Un total de 204 députés ont voté en faveur de la motion et 85 contre. Trois députés se sont abstenus et huit bulletins ont été déclarés nuls, selon le résultat annoncé par le président de la chambre.
Alors que des dizaines de milliers de manifestants pro et anti-Yoon sont massés à Séoul, les premiers devant le Parlement et les seconds dans le centre-ville, le président de l'Assemblée nationale Woo Won-shik a ouvert la séance vers 16H05 (07H05 GMT).
L'imposition de la loi martiale "est une violation claire de la Constitution et une grave infraction à la loi", a déclaré à la tribune Park Chan-dae, le chef de file des députés du Parti démocrate, la principale force d'opposition. "Yoon Suk Yeol est le cerveau de cette rébellion".

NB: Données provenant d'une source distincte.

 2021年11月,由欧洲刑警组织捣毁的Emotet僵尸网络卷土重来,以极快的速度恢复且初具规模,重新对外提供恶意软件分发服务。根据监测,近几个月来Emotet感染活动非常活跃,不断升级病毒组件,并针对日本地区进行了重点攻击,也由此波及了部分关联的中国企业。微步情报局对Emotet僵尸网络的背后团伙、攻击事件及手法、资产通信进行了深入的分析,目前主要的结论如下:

"Je vous demande instamment de voter en faveur de la destitution afin de laisser une leçon historique selon laquelle ceux qui détruisent l'ordre constitutionnel devront rendre des comptes", a poursuivi M. Park. "Yoon Suk Yeol est le plus grand risque pour la République de Corée".

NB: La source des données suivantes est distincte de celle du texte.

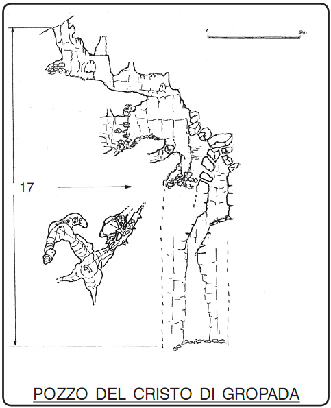 L’attività di scavo si è svolta in una cavità che si apre sul fianco sud-ovest della dolina; questa grotticina era stata aperta e visitata nel 1993 da “F. Premiani & A. Mandich – GSSG” che l’avevano rilevata e chiamata “Pozzo del Cristo di Gropada”, ovviamente, e successivamente catastata con il numero 5812 VG.

Le scrutin à bulletin secrets, a duré une quarantaine de minutes, a commencé vers 16H30 (07H30 GMT), les députés faisant la queue pour déposer un à un leur bulletin dans l'urne.

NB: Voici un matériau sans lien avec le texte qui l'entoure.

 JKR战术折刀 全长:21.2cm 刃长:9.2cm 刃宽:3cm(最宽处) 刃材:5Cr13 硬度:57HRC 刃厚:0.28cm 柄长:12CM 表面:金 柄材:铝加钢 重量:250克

Le 7 décembre, une première motion de destitution avait échoué, la plupart des députés du Parti du pouvoir au peuple (PPP) de M. Yoon ayant quitté l'hémicycle avant le vote pour empêcher le quorum d'être atteint.
Arrestations
Vendredi, le parquet a annoncé l'arrestation du chef du commandement militaire de Séoul, et un tribunal a lancé des mandats d'arrêt contre le chefs de la police nationale et celui de la police de Séoul, citant un "risque de destruction de preuves".
L'ancien ministre de la Défense Kim Yong-hyun, considéré comme la personne ayant poussé le président à imposer la loi martiale, avait été le premier a être arrêté le 8 décembre. Il avait tenté deux jours plus tard de se suicider en détention.
Yoon Suk Yeol avait sidéré la Corée du Sud dans la nuit du 3 au 4 décembre en instaurant la loi martiale, une première en plus de quatre décennies dans le pays, et en envoyant l'armée au Parlement pour essayer d'empêcher les députés de se réunir.
Dans un hémicycle cerné par les forces spéciales, les députés avaient tout de même réussi à tenir une séance d'urgence et à voter un texte réclamant l'abolition de la loi martiale, auquel le président avait été constitutionnellement obligé d'obéir.